> _Required work_
Your whole answer should be the number of lines in the material below that include the word "among".

═════ Provided data

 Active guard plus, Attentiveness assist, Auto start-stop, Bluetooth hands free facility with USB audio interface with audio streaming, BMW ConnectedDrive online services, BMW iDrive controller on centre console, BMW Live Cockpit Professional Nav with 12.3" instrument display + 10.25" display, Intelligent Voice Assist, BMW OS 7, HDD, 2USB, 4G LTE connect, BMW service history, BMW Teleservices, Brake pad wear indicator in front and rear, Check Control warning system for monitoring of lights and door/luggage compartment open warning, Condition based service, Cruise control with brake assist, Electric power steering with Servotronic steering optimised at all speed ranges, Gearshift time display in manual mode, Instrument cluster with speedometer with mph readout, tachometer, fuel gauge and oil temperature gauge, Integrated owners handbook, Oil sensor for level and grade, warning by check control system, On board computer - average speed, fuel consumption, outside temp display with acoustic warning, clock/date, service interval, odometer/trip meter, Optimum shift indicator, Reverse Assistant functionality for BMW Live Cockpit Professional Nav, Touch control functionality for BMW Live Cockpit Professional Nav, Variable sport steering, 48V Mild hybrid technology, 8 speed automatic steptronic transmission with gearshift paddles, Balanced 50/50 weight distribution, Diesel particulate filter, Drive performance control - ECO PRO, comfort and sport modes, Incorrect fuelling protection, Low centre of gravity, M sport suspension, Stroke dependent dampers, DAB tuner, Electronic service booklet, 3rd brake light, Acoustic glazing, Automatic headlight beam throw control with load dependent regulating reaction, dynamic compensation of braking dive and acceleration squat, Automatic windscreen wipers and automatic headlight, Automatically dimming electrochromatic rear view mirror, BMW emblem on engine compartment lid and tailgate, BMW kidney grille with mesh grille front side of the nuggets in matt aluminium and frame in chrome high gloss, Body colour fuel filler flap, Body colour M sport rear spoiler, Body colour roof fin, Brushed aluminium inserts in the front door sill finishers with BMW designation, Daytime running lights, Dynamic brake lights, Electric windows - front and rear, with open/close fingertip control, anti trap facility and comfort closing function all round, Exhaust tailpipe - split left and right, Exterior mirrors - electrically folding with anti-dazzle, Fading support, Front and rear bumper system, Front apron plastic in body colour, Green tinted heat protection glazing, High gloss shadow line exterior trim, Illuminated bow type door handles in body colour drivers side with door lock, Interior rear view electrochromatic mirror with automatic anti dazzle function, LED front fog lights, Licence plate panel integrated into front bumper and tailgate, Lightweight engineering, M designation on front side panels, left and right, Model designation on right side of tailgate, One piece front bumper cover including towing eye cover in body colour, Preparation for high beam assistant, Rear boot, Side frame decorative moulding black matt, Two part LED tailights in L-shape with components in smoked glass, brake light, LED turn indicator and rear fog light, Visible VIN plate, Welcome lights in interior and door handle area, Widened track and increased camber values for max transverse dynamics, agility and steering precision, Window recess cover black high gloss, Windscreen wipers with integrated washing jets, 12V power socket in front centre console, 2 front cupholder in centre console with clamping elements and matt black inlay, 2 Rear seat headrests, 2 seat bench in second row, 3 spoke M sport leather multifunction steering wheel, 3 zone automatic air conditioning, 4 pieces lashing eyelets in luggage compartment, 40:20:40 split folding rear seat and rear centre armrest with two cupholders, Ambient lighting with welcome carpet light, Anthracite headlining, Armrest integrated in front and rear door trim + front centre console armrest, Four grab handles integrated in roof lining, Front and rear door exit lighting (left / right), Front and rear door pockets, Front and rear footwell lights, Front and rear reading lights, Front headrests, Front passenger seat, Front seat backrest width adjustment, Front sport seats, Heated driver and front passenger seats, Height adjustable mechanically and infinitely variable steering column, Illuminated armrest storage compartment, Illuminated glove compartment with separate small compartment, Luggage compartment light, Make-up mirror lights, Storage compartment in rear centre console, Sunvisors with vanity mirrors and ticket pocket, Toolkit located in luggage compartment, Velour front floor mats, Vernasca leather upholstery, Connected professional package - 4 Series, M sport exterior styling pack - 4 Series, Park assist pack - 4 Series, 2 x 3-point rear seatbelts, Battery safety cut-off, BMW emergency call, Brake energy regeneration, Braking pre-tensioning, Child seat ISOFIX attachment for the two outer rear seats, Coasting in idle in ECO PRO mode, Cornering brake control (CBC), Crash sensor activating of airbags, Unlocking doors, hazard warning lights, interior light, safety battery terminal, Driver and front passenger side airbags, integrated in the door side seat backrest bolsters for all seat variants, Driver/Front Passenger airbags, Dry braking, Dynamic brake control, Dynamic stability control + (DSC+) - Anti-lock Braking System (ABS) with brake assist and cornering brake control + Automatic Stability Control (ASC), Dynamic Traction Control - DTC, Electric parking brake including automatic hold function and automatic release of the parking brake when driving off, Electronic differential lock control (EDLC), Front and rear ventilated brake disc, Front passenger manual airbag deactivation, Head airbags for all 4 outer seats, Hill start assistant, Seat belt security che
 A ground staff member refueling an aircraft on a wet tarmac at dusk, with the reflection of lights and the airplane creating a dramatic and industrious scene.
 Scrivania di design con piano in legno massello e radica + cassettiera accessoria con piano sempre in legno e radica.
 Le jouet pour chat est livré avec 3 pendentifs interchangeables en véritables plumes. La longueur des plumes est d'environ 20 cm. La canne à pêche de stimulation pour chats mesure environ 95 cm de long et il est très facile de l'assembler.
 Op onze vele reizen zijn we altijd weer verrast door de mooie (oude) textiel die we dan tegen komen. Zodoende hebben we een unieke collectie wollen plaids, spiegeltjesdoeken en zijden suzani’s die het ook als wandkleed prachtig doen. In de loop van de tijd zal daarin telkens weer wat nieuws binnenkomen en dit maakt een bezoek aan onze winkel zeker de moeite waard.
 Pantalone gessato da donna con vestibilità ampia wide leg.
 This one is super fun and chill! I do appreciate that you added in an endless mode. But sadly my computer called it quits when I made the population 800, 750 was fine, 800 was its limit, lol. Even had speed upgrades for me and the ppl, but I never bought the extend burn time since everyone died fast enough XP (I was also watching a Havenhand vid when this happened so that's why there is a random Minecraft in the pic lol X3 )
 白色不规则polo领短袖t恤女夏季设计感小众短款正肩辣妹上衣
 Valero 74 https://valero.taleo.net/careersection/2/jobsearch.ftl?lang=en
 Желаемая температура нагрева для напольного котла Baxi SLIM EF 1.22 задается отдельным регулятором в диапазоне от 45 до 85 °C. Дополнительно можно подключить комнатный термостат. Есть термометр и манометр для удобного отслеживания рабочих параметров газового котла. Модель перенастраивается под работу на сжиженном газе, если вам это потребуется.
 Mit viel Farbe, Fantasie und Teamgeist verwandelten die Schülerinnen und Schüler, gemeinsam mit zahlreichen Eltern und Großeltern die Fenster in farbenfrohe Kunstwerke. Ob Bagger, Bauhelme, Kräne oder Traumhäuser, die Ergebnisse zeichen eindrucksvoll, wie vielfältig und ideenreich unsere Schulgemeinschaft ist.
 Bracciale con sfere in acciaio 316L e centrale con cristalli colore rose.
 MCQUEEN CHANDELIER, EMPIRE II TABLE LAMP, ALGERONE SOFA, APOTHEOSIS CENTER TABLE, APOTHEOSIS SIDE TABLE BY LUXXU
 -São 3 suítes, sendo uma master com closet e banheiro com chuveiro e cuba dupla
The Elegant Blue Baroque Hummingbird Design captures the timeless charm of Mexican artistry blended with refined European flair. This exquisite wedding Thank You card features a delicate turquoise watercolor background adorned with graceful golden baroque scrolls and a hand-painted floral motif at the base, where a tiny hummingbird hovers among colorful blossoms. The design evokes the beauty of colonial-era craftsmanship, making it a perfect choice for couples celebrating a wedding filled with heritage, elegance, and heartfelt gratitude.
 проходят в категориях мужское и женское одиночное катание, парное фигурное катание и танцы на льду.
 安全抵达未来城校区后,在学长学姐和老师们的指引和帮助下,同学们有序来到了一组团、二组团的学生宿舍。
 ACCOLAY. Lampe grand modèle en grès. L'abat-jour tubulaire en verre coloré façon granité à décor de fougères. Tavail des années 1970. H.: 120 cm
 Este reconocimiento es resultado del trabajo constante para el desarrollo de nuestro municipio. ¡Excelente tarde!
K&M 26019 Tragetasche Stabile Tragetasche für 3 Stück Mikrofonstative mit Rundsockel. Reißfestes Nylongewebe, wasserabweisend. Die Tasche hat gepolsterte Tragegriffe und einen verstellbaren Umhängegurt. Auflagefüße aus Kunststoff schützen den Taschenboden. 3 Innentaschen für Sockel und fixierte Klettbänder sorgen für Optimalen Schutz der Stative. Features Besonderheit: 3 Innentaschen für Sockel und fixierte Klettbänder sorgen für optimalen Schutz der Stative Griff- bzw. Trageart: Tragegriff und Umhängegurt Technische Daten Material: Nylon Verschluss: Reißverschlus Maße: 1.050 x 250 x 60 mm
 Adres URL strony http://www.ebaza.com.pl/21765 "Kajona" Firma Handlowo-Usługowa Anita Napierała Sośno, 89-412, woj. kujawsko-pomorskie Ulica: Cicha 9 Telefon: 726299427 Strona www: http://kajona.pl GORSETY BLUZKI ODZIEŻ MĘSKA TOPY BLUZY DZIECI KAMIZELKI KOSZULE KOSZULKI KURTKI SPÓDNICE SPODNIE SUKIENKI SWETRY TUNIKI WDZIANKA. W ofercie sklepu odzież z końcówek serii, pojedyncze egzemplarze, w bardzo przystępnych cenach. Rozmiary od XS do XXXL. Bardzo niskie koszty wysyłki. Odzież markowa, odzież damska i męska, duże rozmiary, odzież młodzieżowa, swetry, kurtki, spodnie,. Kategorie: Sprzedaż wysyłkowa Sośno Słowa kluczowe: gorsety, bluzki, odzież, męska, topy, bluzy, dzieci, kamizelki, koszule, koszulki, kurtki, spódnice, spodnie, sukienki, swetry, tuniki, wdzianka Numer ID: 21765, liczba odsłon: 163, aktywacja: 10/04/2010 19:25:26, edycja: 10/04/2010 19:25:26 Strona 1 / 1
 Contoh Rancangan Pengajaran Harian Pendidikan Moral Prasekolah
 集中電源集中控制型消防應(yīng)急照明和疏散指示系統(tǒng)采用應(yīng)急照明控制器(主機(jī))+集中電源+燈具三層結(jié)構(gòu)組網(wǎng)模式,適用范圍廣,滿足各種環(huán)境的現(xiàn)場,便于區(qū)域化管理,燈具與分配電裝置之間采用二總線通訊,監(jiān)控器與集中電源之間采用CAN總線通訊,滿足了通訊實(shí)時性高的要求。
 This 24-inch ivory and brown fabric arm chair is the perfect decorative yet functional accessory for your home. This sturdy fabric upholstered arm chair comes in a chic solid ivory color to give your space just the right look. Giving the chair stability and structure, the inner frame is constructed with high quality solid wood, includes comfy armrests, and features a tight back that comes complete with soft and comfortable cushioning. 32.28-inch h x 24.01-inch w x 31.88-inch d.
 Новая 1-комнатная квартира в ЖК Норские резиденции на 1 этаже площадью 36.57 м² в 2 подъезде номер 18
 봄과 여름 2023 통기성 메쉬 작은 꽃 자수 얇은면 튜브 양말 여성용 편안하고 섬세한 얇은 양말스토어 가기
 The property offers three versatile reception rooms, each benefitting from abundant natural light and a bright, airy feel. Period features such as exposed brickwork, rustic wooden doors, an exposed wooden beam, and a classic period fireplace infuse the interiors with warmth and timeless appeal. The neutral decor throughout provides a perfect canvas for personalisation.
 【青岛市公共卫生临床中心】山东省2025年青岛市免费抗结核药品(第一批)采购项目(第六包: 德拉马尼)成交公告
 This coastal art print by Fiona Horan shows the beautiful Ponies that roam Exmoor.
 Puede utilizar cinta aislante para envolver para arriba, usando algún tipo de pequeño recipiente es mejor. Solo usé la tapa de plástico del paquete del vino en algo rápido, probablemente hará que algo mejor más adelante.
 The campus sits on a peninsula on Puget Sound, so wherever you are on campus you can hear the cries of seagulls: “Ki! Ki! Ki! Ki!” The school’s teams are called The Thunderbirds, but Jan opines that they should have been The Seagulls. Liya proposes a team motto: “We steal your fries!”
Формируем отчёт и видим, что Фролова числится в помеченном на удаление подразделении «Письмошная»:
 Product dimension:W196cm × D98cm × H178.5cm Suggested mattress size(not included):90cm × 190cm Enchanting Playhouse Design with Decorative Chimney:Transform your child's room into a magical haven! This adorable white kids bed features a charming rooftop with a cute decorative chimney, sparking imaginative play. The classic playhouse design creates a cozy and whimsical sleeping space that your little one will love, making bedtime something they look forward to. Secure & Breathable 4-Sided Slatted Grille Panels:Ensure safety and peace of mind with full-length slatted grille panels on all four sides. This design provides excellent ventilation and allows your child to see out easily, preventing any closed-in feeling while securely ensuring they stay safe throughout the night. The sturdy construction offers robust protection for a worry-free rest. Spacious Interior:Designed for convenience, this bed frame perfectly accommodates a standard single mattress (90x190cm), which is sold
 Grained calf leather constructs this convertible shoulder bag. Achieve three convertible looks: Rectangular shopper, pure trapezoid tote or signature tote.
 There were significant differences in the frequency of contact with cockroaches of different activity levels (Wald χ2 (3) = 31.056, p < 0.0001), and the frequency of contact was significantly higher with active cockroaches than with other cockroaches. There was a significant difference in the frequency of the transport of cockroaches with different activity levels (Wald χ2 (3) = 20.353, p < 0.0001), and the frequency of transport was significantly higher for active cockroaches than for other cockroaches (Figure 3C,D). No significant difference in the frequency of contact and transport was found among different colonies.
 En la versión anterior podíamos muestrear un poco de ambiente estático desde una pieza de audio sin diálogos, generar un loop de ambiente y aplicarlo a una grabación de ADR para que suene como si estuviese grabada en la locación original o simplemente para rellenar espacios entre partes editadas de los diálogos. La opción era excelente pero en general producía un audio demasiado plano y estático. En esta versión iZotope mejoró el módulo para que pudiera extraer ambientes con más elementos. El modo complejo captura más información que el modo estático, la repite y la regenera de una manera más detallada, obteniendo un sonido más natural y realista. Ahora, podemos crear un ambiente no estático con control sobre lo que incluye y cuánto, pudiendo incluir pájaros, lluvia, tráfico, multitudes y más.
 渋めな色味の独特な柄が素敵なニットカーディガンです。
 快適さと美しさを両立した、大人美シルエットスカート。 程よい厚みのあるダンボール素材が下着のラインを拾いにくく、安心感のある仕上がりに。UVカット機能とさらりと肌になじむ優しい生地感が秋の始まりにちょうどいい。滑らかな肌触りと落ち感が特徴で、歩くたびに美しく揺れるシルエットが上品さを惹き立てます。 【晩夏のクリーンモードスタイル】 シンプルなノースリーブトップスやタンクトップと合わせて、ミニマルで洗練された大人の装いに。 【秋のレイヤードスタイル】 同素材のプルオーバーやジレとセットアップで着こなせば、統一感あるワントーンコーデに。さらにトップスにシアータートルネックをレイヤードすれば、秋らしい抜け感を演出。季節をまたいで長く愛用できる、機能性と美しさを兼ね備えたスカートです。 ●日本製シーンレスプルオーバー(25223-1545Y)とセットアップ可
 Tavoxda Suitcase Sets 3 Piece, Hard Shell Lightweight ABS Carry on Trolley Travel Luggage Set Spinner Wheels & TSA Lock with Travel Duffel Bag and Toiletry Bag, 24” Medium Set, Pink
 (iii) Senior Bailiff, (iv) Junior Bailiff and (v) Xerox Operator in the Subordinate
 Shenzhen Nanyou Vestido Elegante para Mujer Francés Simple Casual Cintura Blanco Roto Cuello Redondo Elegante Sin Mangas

══════════

> _Answer to this exercise_
2